Prompt – Collect all lines containing the word "avec" from the data.

Record excerpts –
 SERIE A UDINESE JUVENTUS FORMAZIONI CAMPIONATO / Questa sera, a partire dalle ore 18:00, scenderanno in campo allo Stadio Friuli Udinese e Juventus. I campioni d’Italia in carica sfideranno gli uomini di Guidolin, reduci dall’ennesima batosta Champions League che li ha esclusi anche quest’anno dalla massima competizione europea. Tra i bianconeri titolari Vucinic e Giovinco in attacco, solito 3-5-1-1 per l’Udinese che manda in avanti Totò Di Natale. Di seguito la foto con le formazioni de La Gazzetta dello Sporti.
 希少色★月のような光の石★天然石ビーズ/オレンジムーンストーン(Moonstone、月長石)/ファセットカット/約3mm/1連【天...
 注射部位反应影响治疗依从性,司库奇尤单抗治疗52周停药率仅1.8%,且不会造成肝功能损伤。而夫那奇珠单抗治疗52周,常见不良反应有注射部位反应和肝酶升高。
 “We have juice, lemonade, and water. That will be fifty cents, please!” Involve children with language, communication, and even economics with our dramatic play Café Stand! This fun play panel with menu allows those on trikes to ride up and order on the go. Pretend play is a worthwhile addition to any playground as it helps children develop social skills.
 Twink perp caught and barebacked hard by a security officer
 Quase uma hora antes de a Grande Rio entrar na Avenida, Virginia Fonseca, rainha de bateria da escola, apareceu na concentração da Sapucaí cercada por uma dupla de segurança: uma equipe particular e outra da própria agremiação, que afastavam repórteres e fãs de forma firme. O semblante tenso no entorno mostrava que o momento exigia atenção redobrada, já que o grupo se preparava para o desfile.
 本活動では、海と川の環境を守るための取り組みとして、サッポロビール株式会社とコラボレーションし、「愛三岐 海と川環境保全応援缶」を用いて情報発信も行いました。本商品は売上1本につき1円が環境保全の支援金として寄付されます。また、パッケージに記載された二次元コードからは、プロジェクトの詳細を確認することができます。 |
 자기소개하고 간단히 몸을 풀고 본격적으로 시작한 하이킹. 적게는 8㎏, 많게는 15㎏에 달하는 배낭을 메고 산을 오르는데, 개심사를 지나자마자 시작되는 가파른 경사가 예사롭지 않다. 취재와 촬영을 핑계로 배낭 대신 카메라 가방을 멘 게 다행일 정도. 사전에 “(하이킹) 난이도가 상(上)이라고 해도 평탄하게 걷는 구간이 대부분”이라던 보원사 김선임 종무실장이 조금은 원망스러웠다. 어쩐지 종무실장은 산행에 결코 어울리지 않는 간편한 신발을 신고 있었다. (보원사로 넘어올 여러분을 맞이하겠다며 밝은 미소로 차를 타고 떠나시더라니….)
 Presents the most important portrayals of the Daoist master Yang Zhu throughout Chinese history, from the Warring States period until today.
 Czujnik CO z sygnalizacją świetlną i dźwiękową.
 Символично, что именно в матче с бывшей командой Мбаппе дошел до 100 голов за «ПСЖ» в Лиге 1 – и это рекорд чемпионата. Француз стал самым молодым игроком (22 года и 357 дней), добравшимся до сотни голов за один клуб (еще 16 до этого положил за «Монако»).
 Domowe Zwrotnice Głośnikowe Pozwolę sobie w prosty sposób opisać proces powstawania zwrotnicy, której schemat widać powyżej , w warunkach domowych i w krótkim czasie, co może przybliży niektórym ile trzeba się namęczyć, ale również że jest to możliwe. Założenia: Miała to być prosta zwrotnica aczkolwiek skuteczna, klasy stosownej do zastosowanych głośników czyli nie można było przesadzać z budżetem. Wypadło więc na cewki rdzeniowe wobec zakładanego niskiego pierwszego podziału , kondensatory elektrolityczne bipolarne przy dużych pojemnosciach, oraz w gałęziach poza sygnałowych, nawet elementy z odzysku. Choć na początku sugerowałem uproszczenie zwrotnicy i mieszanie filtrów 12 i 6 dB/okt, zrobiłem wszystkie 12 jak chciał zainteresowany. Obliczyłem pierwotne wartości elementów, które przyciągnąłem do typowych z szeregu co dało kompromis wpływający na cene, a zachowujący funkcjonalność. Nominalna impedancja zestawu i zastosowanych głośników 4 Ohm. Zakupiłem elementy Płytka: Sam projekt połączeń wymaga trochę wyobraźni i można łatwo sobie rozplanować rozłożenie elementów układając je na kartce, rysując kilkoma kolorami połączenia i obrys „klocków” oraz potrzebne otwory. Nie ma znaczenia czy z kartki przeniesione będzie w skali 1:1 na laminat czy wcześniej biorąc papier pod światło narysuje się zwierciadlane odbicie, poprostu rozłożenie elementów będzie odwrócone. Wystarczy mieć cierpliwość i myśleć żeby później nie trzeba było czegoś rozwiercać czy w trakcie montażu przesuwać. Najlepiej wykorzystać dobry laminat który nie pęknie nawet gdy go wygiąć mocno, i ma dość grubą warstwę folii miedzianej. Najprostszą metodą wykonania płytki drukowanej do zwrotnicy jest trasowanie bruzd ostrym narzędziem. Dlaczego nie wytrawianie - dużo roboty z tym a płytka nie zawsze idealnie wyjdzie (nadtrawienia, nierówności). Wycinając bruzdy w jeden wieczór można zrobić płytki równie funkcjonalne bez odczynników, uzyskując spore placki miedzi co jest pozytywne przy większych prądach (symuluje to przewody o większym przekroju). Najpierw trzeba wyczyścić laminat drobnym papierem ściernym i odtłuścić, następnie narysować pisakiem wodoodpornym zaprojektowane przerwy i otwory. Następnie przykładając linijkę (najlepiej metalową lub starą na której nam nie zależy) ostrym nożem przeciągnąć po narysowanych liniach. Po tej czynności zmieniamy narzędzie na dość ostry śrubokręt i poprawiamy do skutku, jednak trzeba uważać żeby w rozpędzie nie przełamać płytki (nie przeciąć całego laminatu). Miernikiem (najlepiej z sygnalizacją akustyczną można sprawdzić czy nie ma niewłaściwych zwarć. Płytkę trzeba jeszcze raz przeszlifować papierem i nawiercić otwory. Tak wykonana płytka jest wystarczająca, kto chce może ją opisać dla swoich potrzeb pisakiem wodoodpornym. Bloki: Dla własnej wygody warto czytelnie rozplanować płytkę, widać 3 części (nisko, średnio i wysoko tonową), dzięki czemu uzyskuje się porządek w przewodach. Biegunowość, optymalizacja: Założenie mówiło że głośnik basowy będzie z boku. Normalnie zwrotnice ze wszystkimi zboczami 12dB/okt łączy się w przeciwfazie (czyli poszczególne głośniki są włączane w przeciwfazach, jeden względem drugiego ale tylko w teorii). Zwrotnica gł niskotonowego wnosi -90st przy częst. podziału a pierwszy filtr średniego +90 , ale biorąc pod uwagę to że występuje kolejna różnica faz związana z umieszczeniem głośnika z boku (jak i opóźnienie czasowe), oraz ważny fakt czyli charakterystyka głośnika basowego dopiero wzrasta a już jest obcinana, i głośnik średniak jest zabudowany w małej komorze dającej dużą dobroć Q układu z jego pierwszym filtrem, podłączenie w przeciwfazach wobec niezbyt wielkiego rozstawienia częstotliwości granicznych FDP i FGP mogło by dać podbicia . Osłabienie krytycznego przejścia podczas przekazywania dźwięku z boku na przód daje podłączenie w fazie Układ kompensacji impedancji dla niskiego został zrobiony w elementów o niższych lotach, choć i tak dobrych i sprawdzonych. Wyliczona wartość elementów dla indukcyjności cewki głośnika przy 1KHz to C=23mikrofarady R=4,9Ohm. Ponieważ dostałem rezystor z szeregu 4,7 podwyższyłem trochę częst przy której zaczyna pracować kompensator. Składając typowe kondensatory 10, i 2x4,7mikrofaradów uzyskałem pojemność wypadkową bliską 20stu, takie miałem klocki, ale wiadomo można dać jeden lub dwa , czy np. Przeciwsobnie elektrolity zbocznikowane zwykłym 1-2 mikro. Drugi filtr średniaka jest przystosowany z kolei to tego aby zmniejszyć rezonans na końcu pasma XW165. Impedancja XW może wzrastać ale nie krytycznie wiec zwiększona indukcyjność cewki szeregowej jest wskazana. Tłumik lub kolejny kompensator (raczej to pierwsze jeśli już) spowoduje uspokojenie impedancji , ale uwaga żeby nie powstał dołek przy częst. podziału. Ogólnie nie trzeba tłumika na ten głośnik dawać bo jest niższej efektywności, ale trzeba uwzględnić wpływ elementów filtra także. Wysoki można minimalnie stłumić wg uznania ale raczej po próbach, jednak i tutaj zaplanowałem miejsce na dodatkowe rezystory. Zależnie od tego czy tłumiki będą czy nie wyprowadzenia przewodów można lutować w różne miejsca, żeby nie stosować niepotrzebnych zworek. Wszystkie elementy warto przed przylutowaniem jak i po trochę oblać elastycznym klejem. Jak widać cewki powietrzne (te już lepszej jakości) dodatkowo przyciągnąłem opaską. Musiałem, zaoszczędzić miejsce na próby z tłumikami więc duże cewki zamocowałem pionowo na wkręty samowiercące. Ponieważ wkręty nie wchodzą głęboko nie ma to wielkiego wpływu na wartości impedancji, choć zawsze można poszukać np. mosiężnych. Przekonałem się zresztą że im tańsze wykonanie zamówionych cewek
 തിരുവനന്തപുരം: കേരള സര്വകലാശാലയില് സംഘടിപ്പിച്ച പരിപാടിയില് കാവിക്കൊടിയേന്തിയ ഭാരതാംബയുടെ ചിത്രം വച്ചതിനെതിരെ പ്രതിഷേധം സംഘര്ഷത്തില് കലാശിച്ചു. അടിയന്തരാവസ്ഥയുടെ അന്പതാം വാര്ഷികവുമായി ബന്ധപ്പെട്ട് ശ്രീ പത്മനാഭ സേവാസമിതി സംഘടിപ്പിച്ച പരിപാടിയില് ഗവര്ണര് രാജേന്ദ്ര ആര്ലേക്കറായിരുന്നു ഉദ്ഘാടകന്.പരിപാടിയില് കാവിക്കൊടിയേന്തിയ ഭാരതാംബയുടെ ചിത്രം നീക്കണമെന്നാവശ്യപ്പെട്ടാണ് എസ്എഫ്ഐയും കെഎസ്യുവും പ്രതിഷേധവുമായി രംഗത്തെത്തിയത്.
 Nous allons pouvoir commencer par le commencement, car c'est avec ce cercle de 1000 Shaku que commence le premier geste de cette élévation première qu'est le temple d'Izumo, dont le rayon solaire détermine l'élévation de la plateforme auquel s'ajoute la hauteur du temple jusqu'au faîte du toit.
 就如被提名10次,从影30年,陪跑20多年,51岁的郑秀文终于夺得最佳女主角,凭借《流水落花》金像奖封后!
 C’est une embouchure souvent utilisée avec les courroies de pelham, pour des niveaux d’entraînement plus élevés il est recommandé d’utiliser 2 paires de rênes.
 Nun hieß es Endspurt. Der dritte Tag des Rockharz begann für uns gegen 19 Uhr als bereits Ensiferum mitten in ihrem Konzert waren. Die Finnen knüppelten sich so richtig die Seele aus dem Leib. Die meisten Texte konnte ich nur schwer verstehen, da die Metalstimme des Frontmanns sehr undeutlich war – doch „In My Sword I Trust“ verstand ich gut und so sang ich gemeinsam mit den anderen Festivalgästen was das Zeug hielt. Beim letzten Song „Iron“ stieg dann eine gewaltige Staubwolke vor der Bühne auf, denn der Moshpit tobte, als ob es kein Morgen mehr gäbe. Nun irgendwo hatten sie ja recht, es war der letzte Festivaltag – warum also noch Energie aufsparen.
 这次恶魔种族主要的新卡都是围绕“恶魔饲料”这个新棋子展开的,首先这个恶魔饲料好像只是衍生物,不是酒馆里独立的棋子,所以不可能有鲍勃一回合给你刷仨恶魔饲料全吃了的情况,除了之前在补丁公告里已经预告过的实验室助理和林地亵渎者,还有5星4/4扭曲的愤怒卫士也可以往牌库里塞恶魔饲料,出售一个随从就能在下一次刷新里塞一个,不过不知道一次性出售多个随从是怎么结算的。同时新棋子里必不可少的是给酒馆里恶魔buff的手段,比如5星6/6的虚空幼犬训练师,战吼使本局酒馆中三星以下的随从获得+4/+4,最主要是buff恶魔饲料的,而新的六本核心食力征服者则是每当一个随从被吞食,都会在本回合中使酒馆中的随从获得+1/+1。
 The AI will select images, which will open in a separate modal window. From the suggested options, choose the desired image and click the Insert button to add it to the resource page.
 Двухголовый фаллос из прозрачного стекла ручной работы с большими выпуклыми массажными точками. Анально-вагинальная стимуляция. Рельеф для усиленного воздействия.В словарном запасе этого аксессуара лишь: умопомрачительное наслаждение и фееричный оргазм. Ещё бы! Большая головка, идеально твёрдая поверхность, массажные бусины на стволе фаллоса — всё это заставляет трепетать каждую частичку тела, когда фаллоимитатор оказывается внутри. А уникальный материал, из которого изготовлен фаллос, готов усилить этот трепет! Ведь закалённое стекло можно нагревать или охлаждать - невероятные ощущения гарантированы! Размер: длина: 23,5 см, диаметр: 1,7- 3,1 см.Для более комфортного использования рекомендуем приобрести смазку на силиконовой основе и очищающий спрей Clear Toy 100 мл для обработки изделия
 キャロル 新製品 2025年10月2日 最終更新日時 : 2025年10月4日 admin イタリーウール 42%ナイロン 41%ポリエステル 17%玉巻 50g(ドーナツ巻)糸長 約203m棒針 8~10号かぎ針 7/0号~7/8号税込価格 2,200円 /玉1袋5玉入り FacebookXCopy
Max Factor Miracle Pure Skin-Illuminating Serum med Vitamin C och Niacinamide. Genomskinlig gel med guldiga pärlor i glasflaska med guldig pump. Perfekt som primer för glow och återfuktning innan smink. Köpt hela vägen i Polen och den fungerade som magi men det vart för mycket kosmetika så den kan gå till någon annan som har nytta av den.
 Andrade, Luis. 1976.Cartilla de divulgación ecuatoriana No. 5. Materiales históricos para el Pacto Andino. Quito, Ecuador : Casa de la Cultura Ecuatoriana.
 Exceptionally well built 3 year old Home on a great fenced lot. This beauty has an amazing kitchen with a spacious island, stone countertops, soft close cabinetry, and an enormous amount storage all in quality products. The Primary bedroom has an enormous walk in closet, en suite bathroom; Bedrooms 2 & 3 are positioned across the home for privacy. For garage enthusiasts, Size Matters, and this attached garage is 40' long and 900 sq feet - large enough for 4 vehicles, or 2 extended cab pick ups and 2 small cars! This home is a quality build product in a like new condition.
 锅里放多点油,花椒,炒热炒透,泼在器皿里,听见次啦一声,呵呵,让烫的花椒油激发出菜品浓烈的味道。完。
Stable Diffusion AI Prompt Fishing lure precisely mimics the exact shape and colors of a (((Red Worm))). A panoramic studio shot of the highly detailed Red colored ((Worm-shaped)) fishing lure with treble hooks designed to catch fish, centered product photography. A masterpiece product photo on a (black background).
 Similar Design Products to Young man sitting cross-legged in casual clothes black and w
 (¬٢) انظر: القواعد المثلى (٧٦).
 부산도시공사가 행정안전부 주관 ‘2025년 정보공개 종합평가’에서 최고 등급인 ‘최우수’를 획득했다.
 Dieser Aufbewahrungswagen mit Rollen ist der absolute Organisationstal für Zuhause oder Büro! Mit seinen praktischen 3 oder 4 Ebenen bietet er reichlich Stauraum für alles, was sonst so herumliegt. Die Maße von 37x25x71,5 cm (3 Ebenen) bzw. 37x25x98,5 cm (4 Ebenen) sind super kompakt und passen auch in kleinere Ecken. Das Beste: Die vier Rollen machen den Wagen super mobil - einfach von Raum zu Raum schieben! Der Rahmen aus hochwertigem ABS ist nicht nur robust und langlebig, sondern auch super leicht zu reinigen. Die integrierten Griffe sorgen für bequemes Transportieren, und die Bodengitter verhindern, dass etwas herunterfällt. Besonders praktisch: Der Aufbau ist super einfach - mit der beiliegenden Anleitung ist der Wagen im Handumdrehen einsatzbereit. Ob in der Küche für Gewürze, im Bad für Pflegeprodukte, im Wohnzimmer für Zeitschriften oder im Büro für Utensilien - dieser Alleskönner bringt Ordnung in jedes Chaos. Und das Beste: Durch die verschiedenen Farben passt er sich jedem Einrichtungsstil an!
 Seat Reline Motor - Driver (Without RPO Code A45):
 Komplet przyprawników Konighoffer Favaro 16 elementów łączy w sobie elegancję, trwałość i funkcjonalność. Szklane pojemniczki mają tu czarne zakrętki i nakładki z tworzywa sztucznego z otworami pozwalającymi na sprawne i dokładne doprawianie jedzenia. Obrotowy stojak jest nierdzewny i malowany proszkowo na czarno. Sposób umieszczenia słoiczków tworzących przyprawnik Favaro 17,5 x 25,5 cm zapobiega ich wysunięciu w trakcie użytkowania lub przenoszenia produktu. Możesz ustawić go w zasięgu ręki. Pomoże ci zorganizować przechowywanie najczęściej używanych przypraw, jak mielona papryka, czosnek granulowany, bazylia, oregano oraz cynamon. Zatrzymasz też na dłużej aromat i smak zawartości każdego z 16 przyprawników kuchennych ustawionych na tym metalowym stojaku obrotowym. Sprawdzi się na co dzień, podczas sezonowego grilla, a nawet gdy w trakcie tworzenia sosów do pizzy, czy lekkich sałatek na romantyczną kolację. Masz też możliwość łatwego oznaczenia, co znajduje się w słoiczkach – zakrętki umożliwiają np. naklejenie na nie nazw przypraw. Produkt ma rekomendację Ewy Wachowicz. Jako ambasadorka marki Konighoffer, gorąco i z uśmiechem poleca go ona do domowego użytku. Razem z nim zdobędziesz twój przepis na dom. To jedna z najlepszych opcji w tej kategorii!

Response area –
 Nous allons pouvoir commencer par le commencement, car c'est avec ce cercle de 1000 Shaku que commence le premier geste de cette élévation première qu'est le temple d'Izumo, dont le rayon solaire détermine l'élévation de la plateforme auquel s'ajoute la hauteur du temple jusqu'au faîte du toit.
 C’est une embouchure souvent utilisée avec les courroies de pelham, pour des niveaux d’entraînement plus élevés il est recommandé d’utiliser 2 paires de rênes.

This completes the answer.